Action item: A stretch of the entries below is to be set down exactly, running from the line with "Dimension of Brittleness" through the line with "2022 Leaf Ultimate", both included, and no other line.

Material provided:
┄┄┄┄┄┄┄┄┄┄┄┄┄┄┄┄┄┄┄┄

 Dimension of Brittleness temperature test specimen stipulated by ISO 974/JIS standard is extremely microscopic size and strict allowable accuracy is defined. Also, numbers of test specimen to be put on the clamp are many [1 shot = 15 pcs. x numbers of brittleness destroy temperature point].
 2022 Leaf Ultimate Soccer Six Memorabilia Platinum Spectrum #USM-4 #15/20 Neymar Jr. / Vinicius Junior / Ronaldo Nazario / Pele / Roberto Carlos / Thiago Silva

┄┄┄┄┄┄┄┄┄┄┄┄┄┄┄┄┄┄┄┄

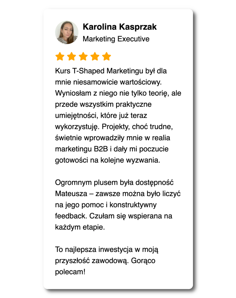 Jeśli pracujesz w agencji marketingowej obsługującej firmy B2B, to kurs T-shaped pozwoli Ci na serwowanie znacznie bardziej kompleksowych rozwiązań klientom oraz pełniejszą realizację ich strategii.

┄┄┄┄┄┄┄┄┄┄┄┄┄┄┄┄┄┄┄┄

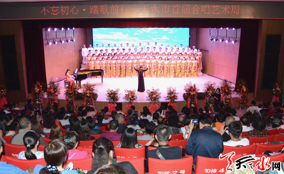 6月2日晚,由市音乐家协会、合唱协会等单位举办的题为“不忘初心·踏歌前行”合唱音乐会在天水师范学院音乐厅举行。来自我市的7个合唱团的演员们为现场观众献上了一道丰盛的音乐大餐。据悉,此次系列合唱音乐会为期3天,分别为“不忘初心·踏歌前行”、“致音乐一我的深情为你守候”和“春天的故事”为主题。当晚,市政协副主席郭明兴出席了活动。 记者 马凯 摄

┄┄┄┄┄┄┄┄┄┄┄┄┄┄┄┄┄┄┄┄

Written solution:
 Dimension of Brittleness temperature test specimen stipulated by ISO 974/JIS standard is extremely microscopic size and strict allowable accuracy is defined. Also, numbers of test specimen to be put on the clamp are many [1 shot = 15 pcs. x numbers of brittleness destroy temperature point].
 2022 Leaf Ultimate Soccer Six Memorabilia Platinum Spectrum #USM-4 #15/20 Neymar Jr. / Vinicius Junior / Ronaldo Nazario / Pele / Roberto Carlos / Thiago Silva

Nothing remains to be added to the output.